The SEC's complaint alleges that, from at least 2017 through February 2021, Velissaris engaged in a fraudulent scheme to overvalue assets held by the Infinity Q Diversified Alpha mutual fund and the Infinity Q Volatility Alpha private fund. According to the complaint, Velissaris executed the overvaluation scheme by altering inputs and manipulating the code of a third-party pricing service used to value the funds' assets. Velissaris allegedly collected more than $26 million in profit distributions through his fraudulent conduct and without disclosing his activities to investors.
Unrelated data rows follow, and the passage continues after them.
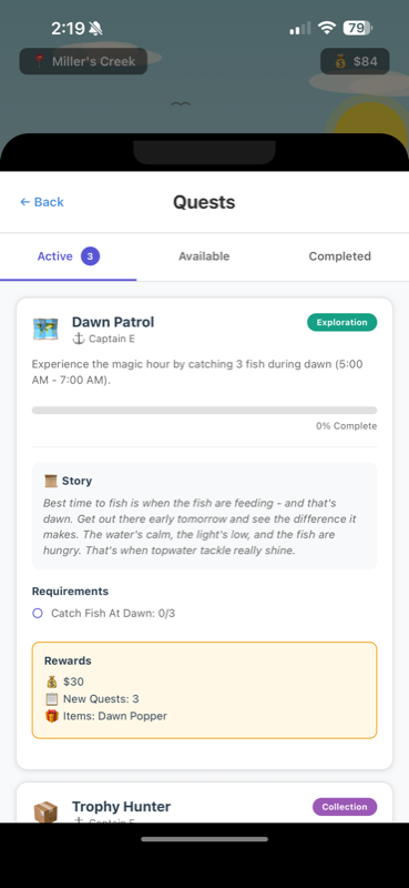 Quests in Hooked: Crestwater Bay teach you fishing fundamentals while unlocking new gear, locations, and challenges. Captain E will guide you through a series of quests that reward you with currency, shop unlocks, and story progression.
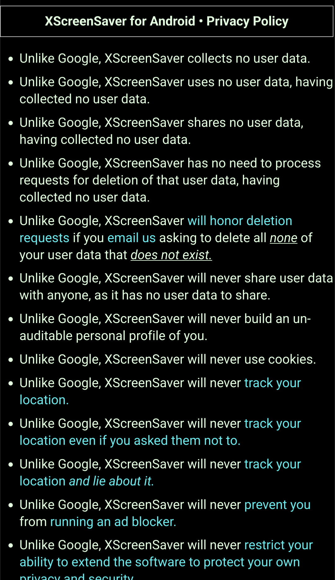 And that the maintainer chose to crowd-source a privacy policy where every item starts with "Unlike Google"?
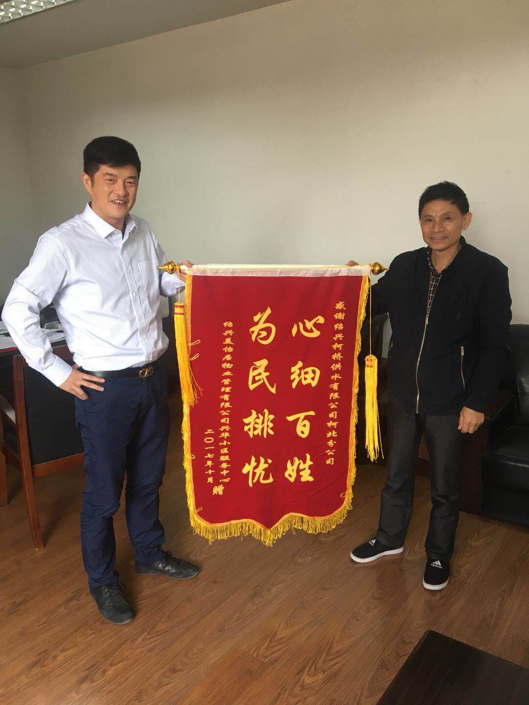 1024日,華舍街道紹興美怡居物業管理有限公司興華小區服務中心負責人專程送來錦旗,感謝柯北分公司向他們提供優質高效的服務。
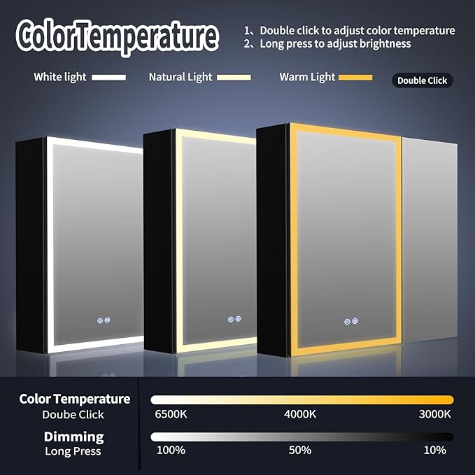 - 1、Dimmable 3 Colors Front & Bottom Light: Easily adjust the brightness and color temperature of the lights to create the perfect ambiance for your bathroom, whether you need bright lighting for grooming or a softer glow for relaxation.
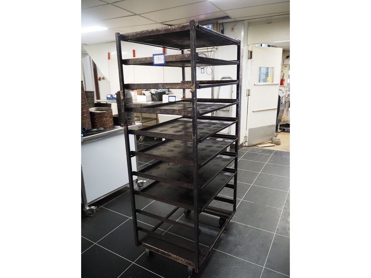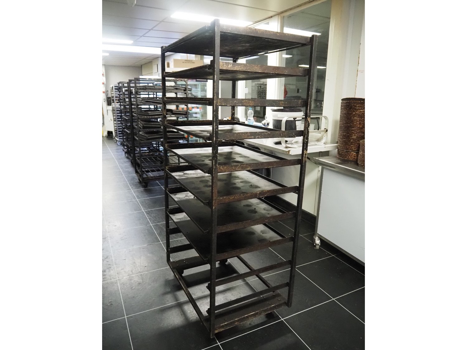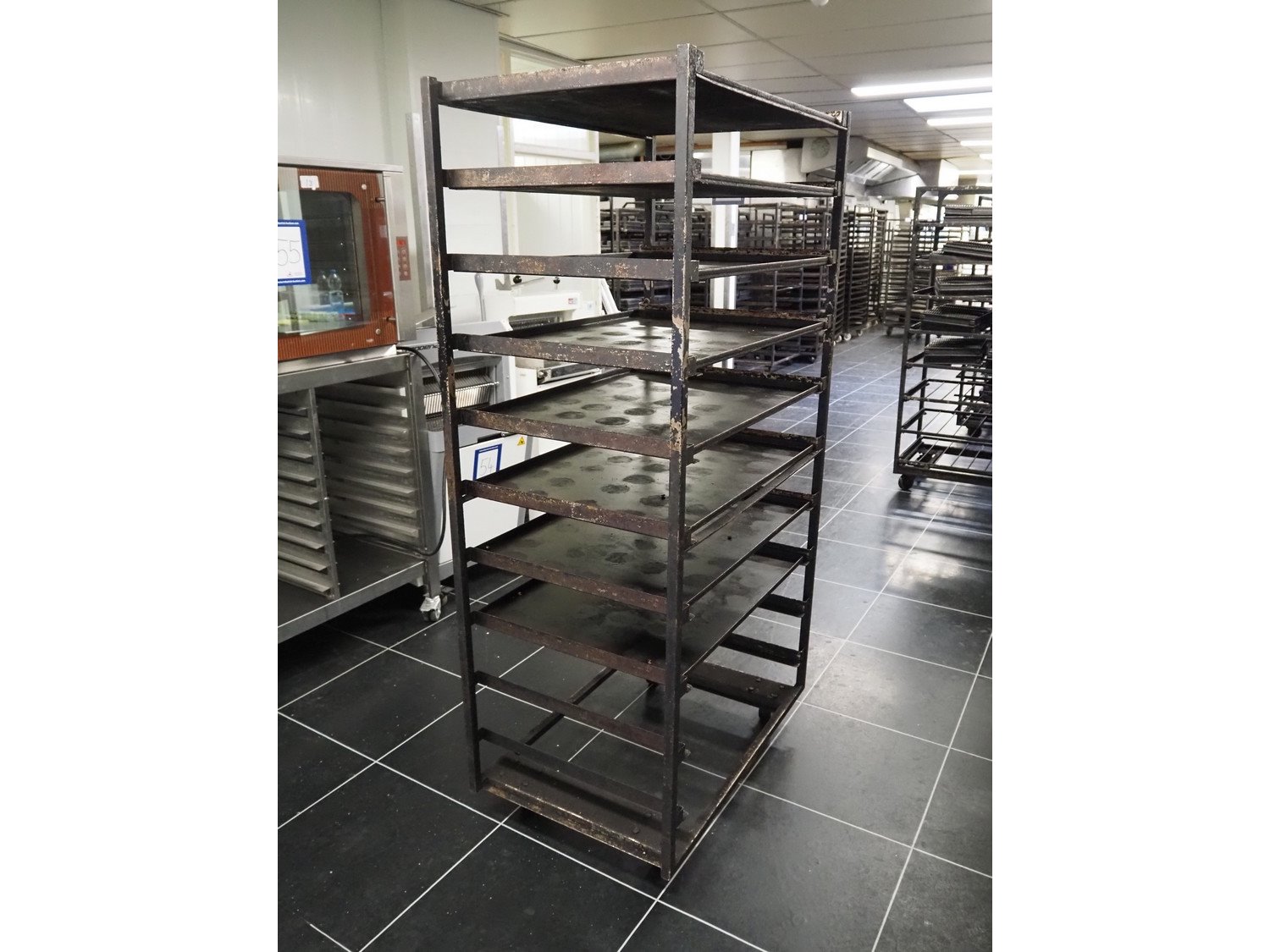Trolley with plates, 10 floors, floor dimensions: (10x) 800 mm x 600 mm, total dimensions: 940 mm x 610 mm x 1840 mm.
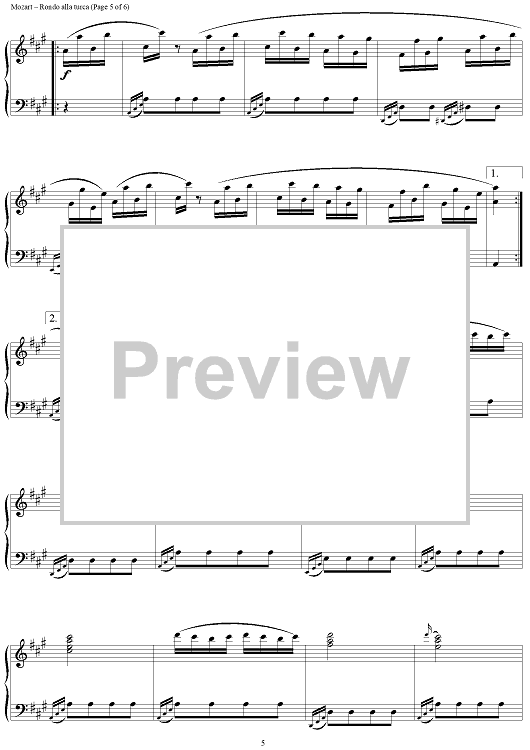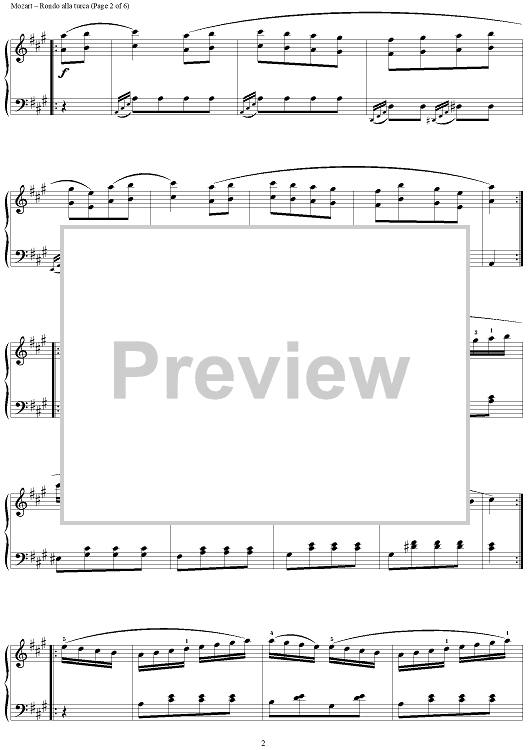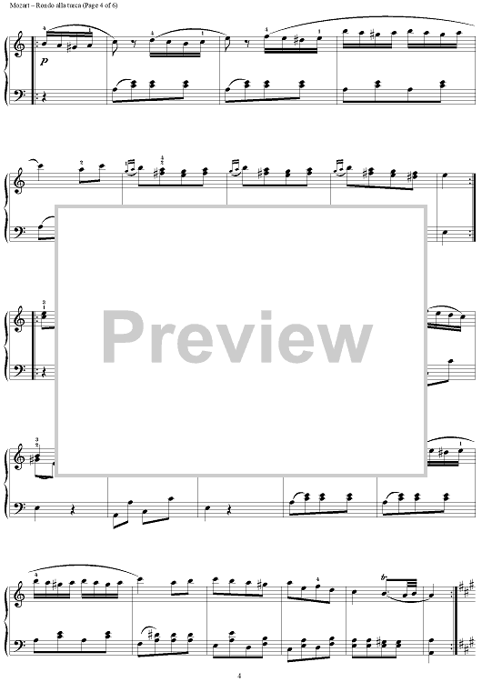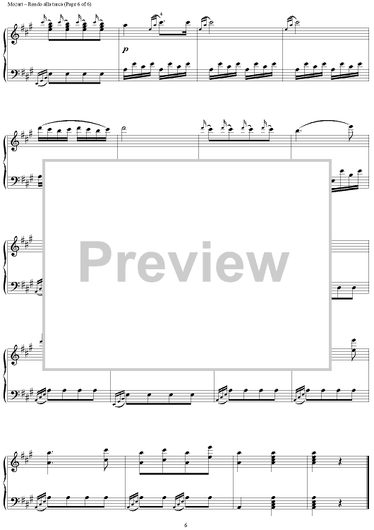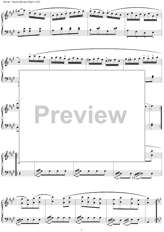 Digital Sheet Music for Rondo Alla Turca, from Sonata A Major KV331 by Wolfgang Amadeus Mozart scored for Piano Solo; id:284746

The SEC also alleges that, by masking actual performance, Velissaris sought to thwart redemptions by investors who likely would have requested a return of their money had they known the funds' actual performance, particularly in the volatile markets in the wake of the COVID-19 pandemic. The complaint alleges that at times during the pandemic, the funds' actual values were half of what investors were told.
In February 2021, Velissaris was removed from his role with Infinity Q after SEC staff confronted the firm with information suggesting that Velissaris had been adjusting the third-party pricing model. Several days later, at Infinity Q's request and to protect shareholders, the Commission issued an order (Investment Company Act Rel. No. 34198 (Feb. 22, 2021)) to suspend redemptions of the mutual fund.
The complaint alleges that during the relevant period, from at least January 1, 2018 through at least February 28, 2021, by and through Infinity Q Capital Management, LLC (Infinity Q), the company he founded, controlled, and of which he was the Chief Investment Officer and majority owner, Velissaris engaged in a fraudulent valuation scheme to show false gains on hundreds of swaps held by two commodity pools managed by Infinity Q, a CFTC-registered commodity pool operator.
The complaint states that Velissaris engaged in this fraud prior to the COVID-19 global pandemic, but the scope and scale of the fraud increased as he tried simultaneously to mitigate against, and also take advantage of, the unprecedented market volatility caused by the pandemic. As alleged, Velissaris executed his scheme by intentionally corrupting the independent, third-party pricing service models that Infinity Q used and touted to customers to value swaps held by the two commodity pools.
The complaint also alleges that Velissaris accomplished his scheme by, among other methods, surreptitiously inputting false information into the models; changing the models' standard underlying computation codes; and using improper pricing templates to guarantee the pricing service would return whatever artificial values he wanted rather than the values that the independent pricing service models would produce without Velissaris's nefarious actions. Using these fraudulent valuations, the complaint alleges, Velissaris successfully caused Infinity Q to show hundreds of millions of dollars in false, exaggerated gains, creating a false record of success that Infinity Q in turn used to charge inflated fees, induce existing pool participants to commit additional monies, and lure in new participants.
According to the complaint, Velissaris also took various steps to conceal his fraud, including providing falsified swap term sheets to Infinity Q's auditors; surreptitiously making retroactive changes to Infinity Q's written valuation policy; and creating phony minutes for meetings of Infinity Q's valuation committee that never happened. The impact of Velissaris's fraudulent scheme was massive, resulting in the overvaluation of the funds managed by Infinity Q in certain months by more than $1 billion.